*WHAT IS NEEDED:* Please reproduce the listing below exactly, leaving out every picture.

*DATA PROVIDED:*
* * * *

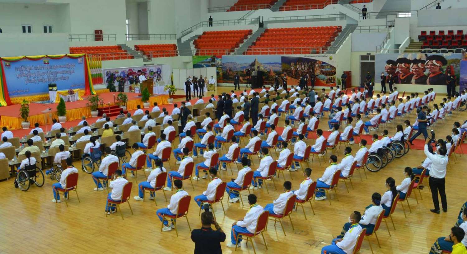 အင်ဒိုနီးရှားနိုင်ငံ၌ ကျင်းပသည့် (၁၁)ကြိမ်မြောက် အာဆီယံမသန်စွမ်းသူများ အားကစားပြိုင်ပွဲတွင် ဆုတံဆိပ်ရရှိခဲ့သော မြန်မာအားကစားအဖွဲ့များအား နိုင်ငံတော်က ဂုဏ်ပြုဆုချီးမြှင့်ခြင်းအခမ်းအနားကို ယနေ့မွန်းလွဲပိုင်းတွင် နေပြည်တော်ရှိ ဝဏ္ဏသိဒ္ဓိ အားကစားရုံ(B)၌ ကျင်းပရာ နိုင်ငံတော်စီမံအုပ်ချုပ်ရေးကောင်စီဥက္ကဋ္ဌ နိုင်ငံတော်ဝန်ကြီးချုပ် ဗိုလ်ချုပ်မှူးကြီးမင်းအောင်လှိုင် တက်ရောက်အမှာစကားပြောကြားပြီး ဂုဏ်ပြုဆုငွေများ ပေးအပ်ချီးမြှင့်သည်။
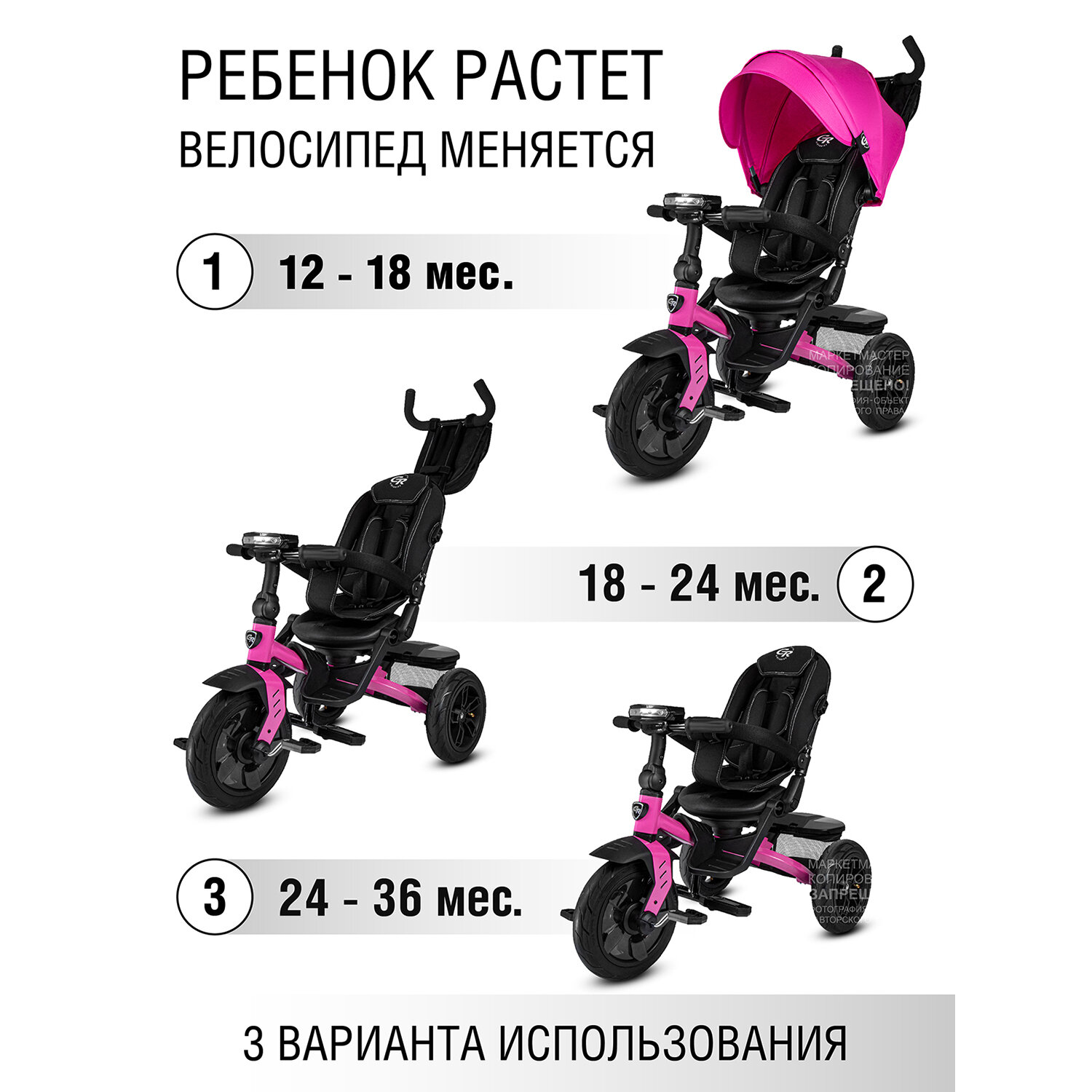 Трехколесный велосипед CITY-RIDE Трехколесный велосипед CITY-RIDE CR-B3-10 Lunar, розовый/черный
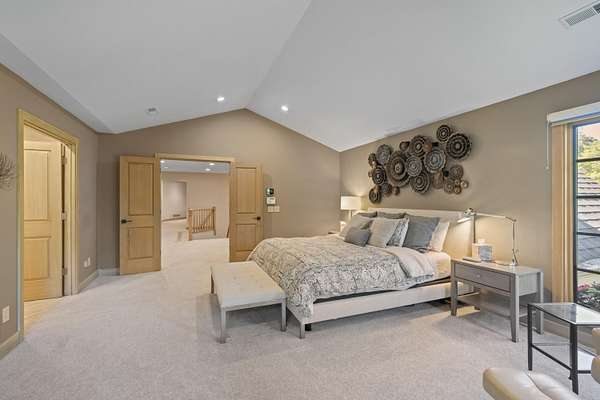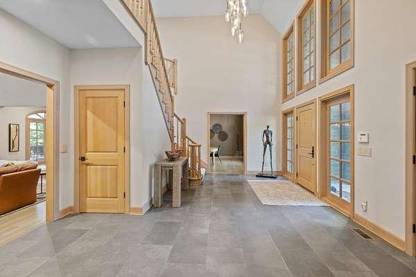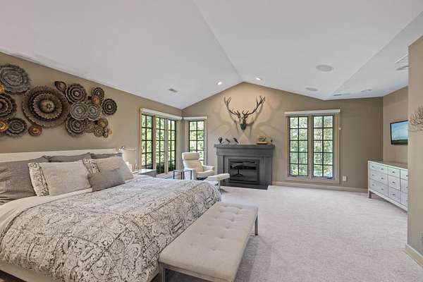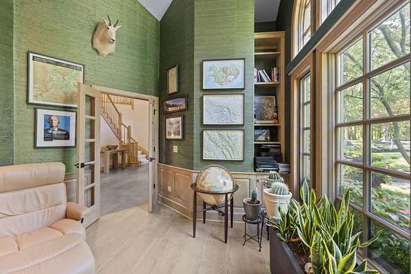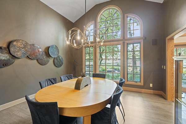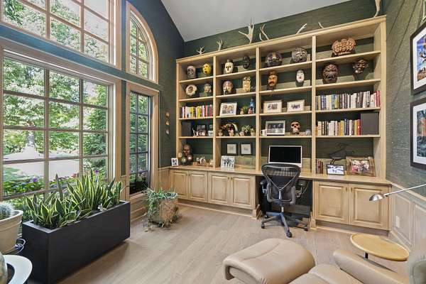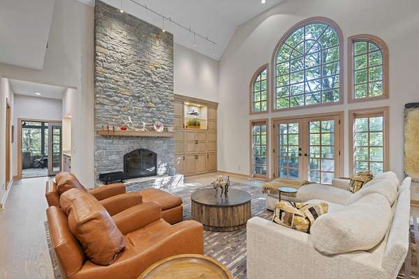 - Bookcases, Built-In Features, Cathedral Ceiling(s), Ceiling Fan(s), Chandelier, Crown Molding, Double Vanity, Eat-In Kitchen, High Ceilings, Kitchen Island, Multi Panel Doors, Natural Woodwork, Open Floorplan, Recess Ceiling(s), Recessed Lighting, Walk-In Closet(s)
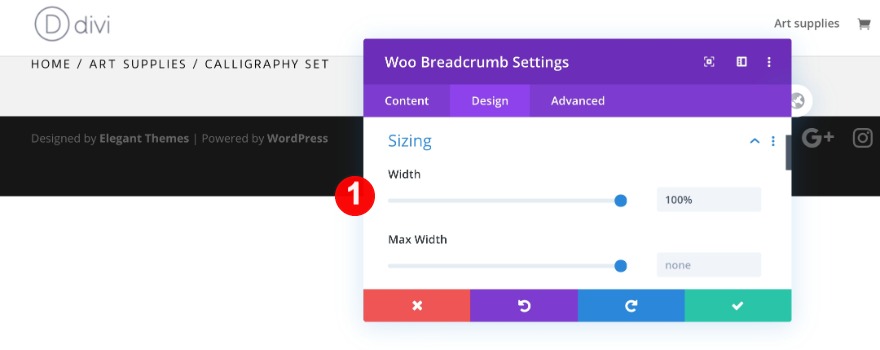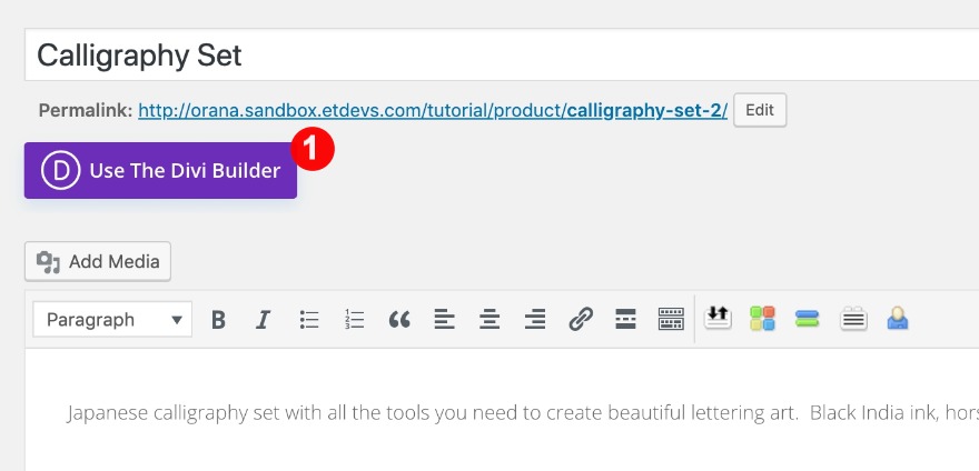 Lorsque toutes les données du produit sont prêtes, activez le Divi Builder et modifiez la mise en page en « pleine largeur ».

* * * *

*TASK ANSWER:*
 အင်ဒိုနီးရှားနိုင်ငံ၌ ကျင်းပသည့် (၁၁)ကြိမ်မြောက် အာဆီယံမသန်စွမ်းသူများ အားကစားပြိုင်ပွဲတွင် ဆုတံဆိပ်ရရှိခဲ့သော မြန်မာအားကစားအဖွဲ့များအား နိုင်ငံတော်က ဂုဏ်ပြုဆုချီးမြှင့်ခြင်းအခမ်းအနားကို ယနေ့မွန်းလွဲပိုင်းတွင် နေပြည်တော်ရှိ ဝဏ္ဏသိဒ္ဓိ အားကစားရုံ(B)၌ ကျင်းပရာ နိုင်ငံတော်စီမံအုပ်ချုပ်ရေးကောင်စီဥက္ကဋ္ဌ နိုင်ငံတော်ဝန်ကြီးချုပ် ဗိုလ်ချုပ်မှူးကြီးမင်းအောင်လှိုင် တက်ရောက်အမှာစကားပြောကြားပြီး ဂုဏ်ပြုဆုငွေများ ပေးအပ်ချီးမြှင့်သည်။
 Трехколесный велосипед CITY-RIDE Трехколесный велосипед CITY-RIDE CR-B3-10 Lunar, розовый/черный
 - Bookcases, Built-In Features, Cathedral Ceiling(s), Ceiling Fan(s), Chandelier, Crown Molding, Double Vanity, Eat-In Kitchen, High Ceilings, Kitchen Island, Multi Panel Doors, Natural Woodwork, Open Floorplan, Recess Ceiling(s), Recessed Lighting, Walk-In Closet(s)
 Lorsque toutes les données du produit sont prêtes, activez le Divi Builder et modifiez la mise en page en « pleine largeur ».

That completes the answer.